Dataset records Start Marker
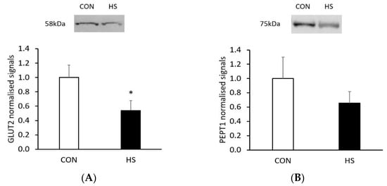 Relative protein expression of glucose transporter 2 (GLUT2; (A)) and peptide transporter 1 (PEPT1; (B)) in placentae between control (CON, n = 5) and heat stress (HS, n = 5) groups. Target protein expression was normalised to total protein loaded and expressed as normalised signals (arbitrary units). * p < 0.05. Error bars: standard error of the means.
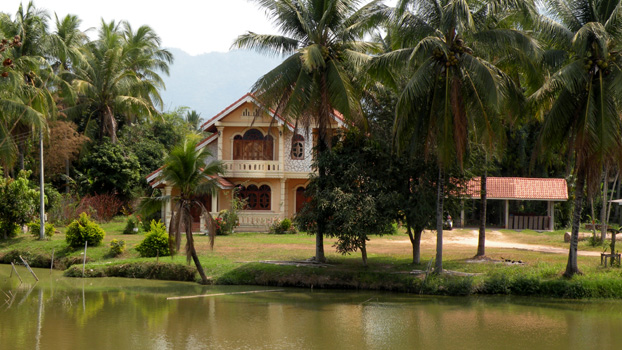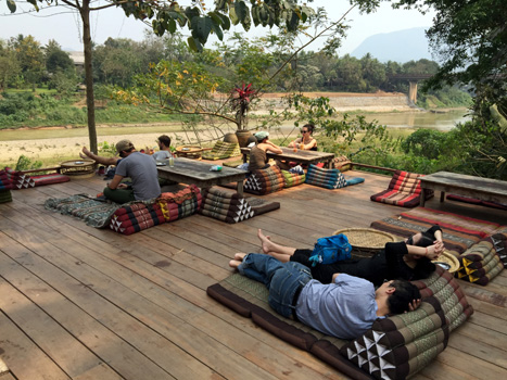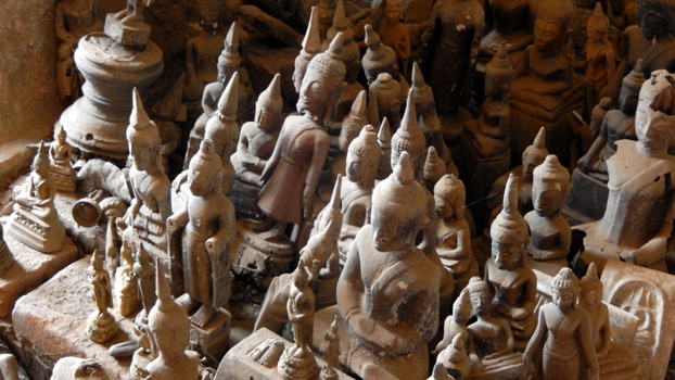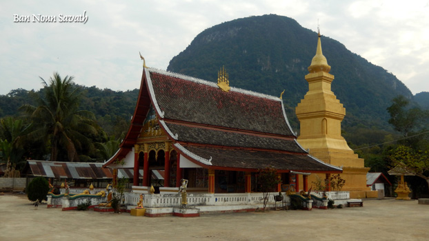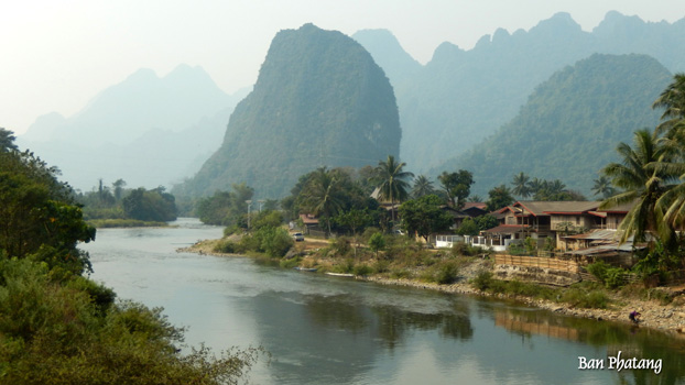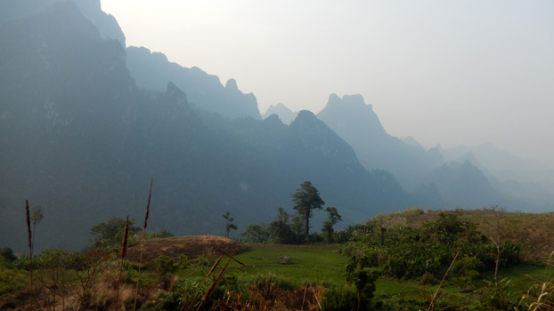 Weiter geht es durch spektakuläres Karstgebirge mit steil aufragenden Felsnadeln. Leider ist die Luft von den vielen Brandrodungen nicht klar. Wir erreichen Van Vieng, das ehemalige Drogen-Eldorado. Die Stadt hat kein Flair, kein Grund sich länger aufzuhalten. Wir sehen uns drei Tempel an und essen im Irish Pub zu Mittag. Guinness gibt es keines, Fassbier auch nicht. Das Lokal, obwohl ziemlich heruntergekommen, ist voll, wahrscheinlich als einziges in der Stadt. Lauter junge Leute sitzen mit Blick auf die Fernseher und sehen sich einen Boxkampf an.
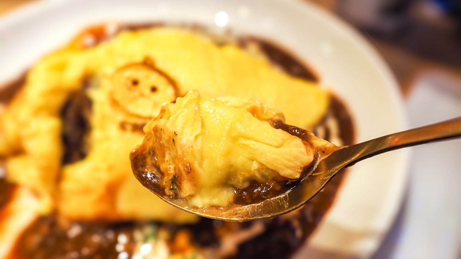 たっぷり3個分、ぜいたくな卵使いのオムライスは、卵好きにはたまりません!
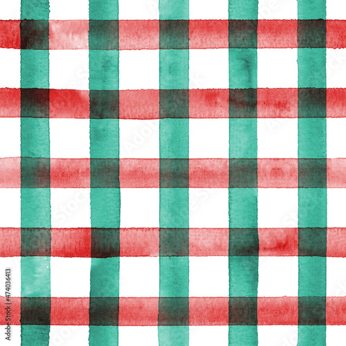 Watercolor stripe plaid seamless pattern. Red green stripes on white background
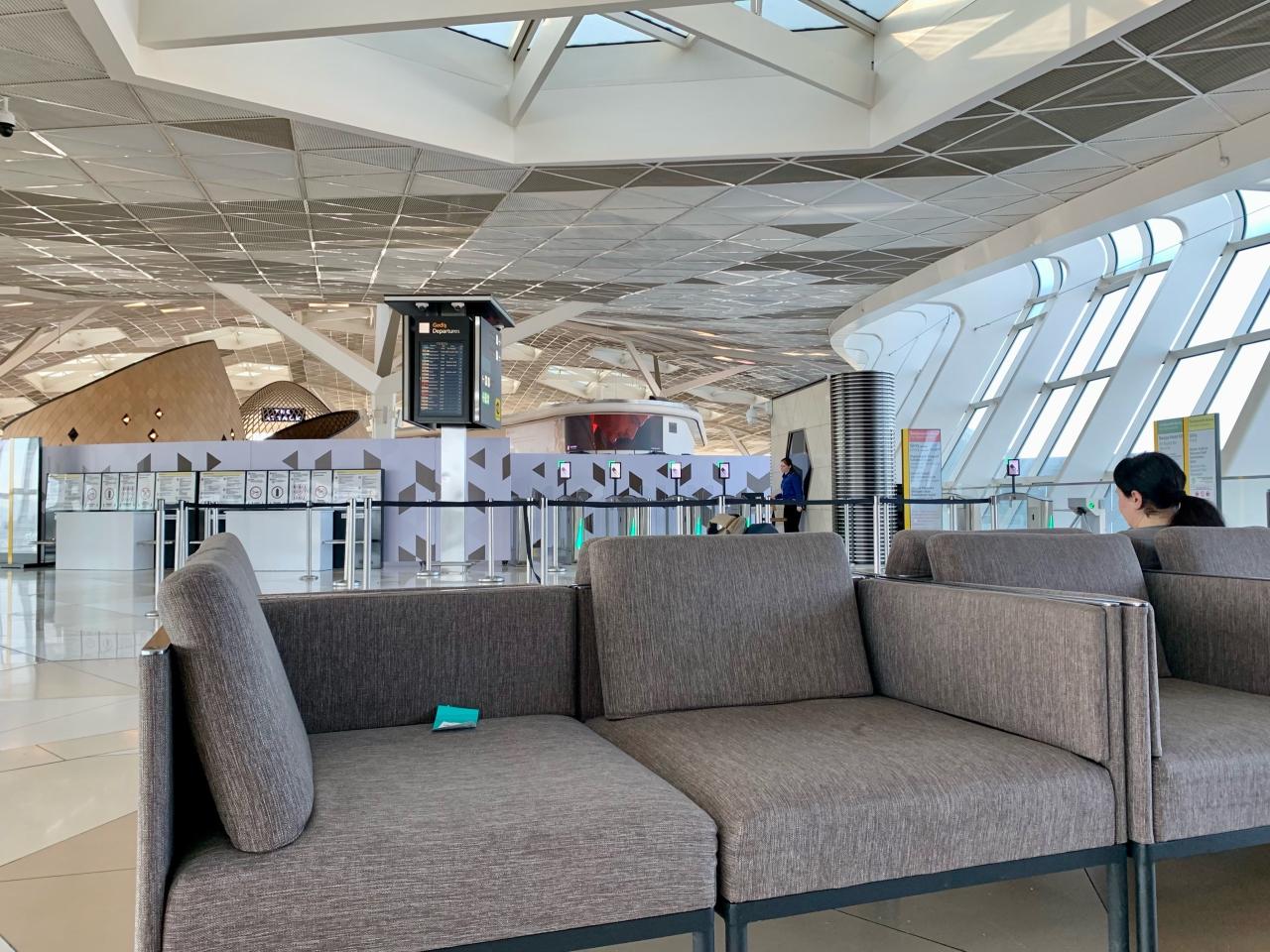 если у вас осталось еще куча времени до самолета, а вы уже в аэропорту, то, возвращаясь из города, поднимаетесь вот по этому эскалатору на третий этаж и там сразу будут мягкие диванчики, на которых можно удобно растянуться и поспать с комфортом, а прямо за ними - паспортный контроль, после которого вы уже не найдёте такого лежбища - только кресла. Так что советую не торопиться проходить в зону вылета, а отдохнуть, как мы и сделали во второй наш приезд в Баку по возвращении из Дели, когда находились по торговому центру.
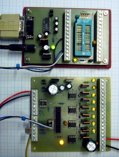 My photo shows the controller. The board was made using Diptrace Schematic and PCB Layout program and etched using the lazer printer toner transfer method via “Press-n-Peel”. I can confirm that Brother printer’s toner does not transfer near as well as my old Lexmark, which had a little toner left after a good shake of the cartridge. The smaller board at top is my Micromite programming and test tool with a 3 wire cable connecting its RS232 interface TTL output (2.2 volt clamped) to the Console pins on the Staircase Light Controller.
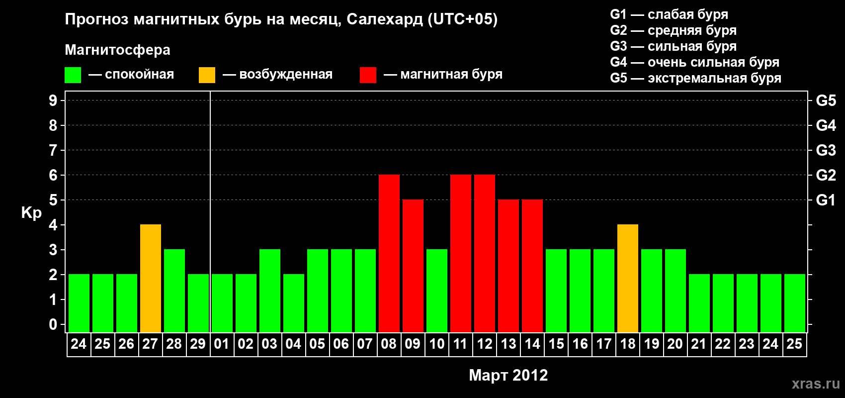 Прогноз магнитных бурь в Салехарде на 24 февраля 2012 года
Dataset records End Marker
§ **Your instructions**: Retype only the lines that run from the first line of the entries above to the line containing "Watercolor stripe plaid", both included. Do not carry over any pictures.

§ **Solved problem**:
 Relative protein expression of glucose transporter 2 (GLUT2; (A)) and peptide transporter 1 (PEPT1; (B)) in placentae between control (CON, n = 5) and heat stress (HS, n = 5) groups. Target protein expression was normalised to total protein loaded and expressed as normalised signals (arbitrary units). * p < 0.05. Error bars: standard error of the means.
 Weiter geht es durch spektakuläres Karstgebirge mit steil aufragenden Felsnadeln. Leider ist die Luft von den vielen Brandrodungen nicht klar. Wir erreichen Van Vieng, das ehemalige Drogen-Eldorado. Die Stadt hat kein Flair, kein Grund sich länger aufzuhalten. Wir sehen uns drei Tempel an und essen im Irish Pub zu Mittag. Guinness gibt es keines, Fassbier auch nicht. Das Lokal, obwohl ziemlich heruntergekommen, ist voll, wahrscheinlich als einziges in der Stadt. Lauter junge Leute sitzen mit Blick auf die Fernseher und sehen sich einen Boxkampf an.
 たっぷり3個分、ぜいたくな卵使いのオムライスは、卵好きにはたまりません!
 Watercolor stripe plaid seamless pattern. Red green stripes on white background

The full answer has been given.